In [None]:
'''Question 1: What is Ensemble Learning in machine learning? Explain the key idea
behind it.
Answer: Ensemble Learning is a machine learning technique in which multiple models (called base learners or weak learners) are trained and combined to make a single,
stronger predictive model.

Key Idea Behind Ensemble Learning

The core idea is that a group of models can perform better than any single model alone. Different models may make different errors; by combining them,
these errors can cancel out, leading to better accuracy, robustness, and generalization.
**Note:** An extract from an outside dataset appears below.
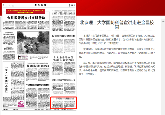 【金昌日报】冰球突破mg正规官网国防科普宣讲走进金昌校园

Question 2: What is the difference between Bagging and Boosting?
Answer: Bagging
- models are trained independantly
-uses bootstrap sampling (sampling with replacement)
-no dependency among models
-Reduce variance by averaging
-all data points treat equally

       Boosting
-models are trained sequentially
-uses weighted sampling
-each models are depends on the previous one
-reduce bias and improve weak learner
-misclasified data points are given higher weight

Question 3: What is bootstrap sampling and what role does it play in Bagging methods
like Random Forest?
Answer:Bootstrap sampling is a resampling technique in which multiple new training datasets are created by randomly sampling from the original dataset with replacement.
Each bootstrap sample has the same size as the original dataset, but some data points may appear multiple times while others may be left out.
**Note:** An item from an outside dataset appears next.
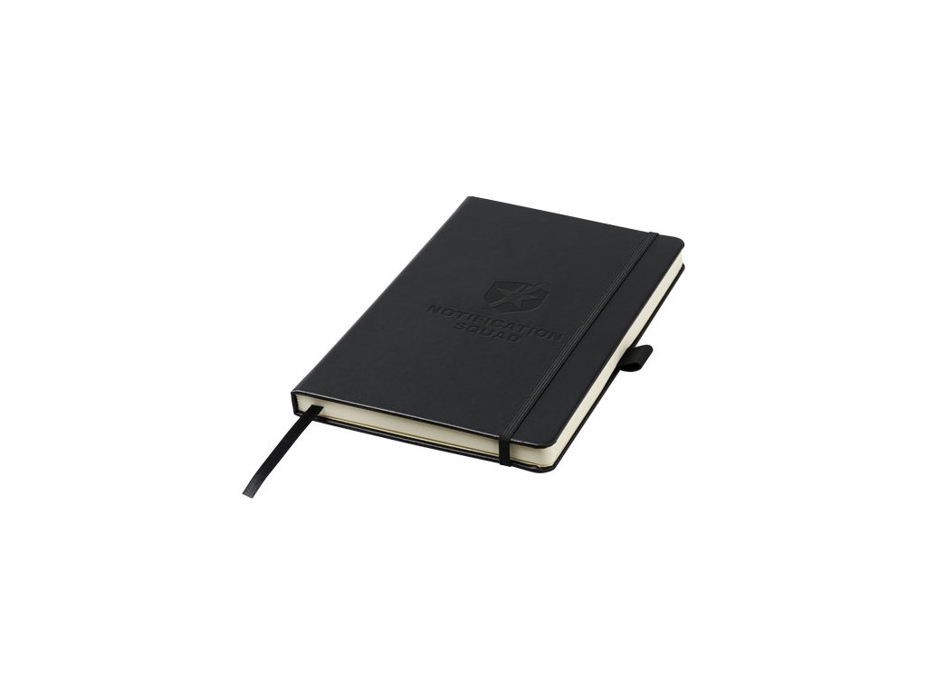 Zápisník A5 s imitáciou kože A5 (14,2 cm x 21,4 cm) (koženka) s elastickou gumičkou, záložkou, pútkom na pero a skladacím zadným vreckom.

Role of Bootstrap Sampling in Bagging

In Bagging (Bootstrap Aggregating) methods such as Random Forest, bootstrap sampling plays a crucial role:

Creates diverse training sets

Each model (e.g., each decision tree in a Random Forest) is trained on a different bootstrap sample.

This introduces variation among models.

Reduces variance

Individual models may overfit, but averaging their predictions reduces variance and improves generalization.

Improves model robustness

Since models see slightly different data, the ensemble becomes less sensitive to noise.
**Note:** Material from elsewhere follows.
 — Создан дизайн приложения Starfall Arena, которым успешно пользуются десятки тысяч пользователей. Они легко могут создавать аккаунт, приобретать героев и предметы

Out-of-Bag (OOB) estimation

About 63% of unique data points appear in each bootstrap sample.

The remaining 37% (out-of-bag samples) are used to estimate model performance without a separate validation set.

Question 4: What are Out-of-Bag (OOB) samples and how is OOB score used to
evaluate ensemble models?
Answer:Out-of-Bag (OOB) samples are the data points from the original dataset that are not selected in a particular bootstrap sample during training.

When bootstrap sampling is used (as in Bagging and Random Forest):

Each model is trained on a bootstrap sample of the dataset.

On average, about 63% of the data points are included in a bootstrap sample.

The remaining 37% are called Out-of-Bag (OOB) samples for that model.

teps to compute OOB score:

For each data point, collect predictions only from the models where this point was an OOB sample.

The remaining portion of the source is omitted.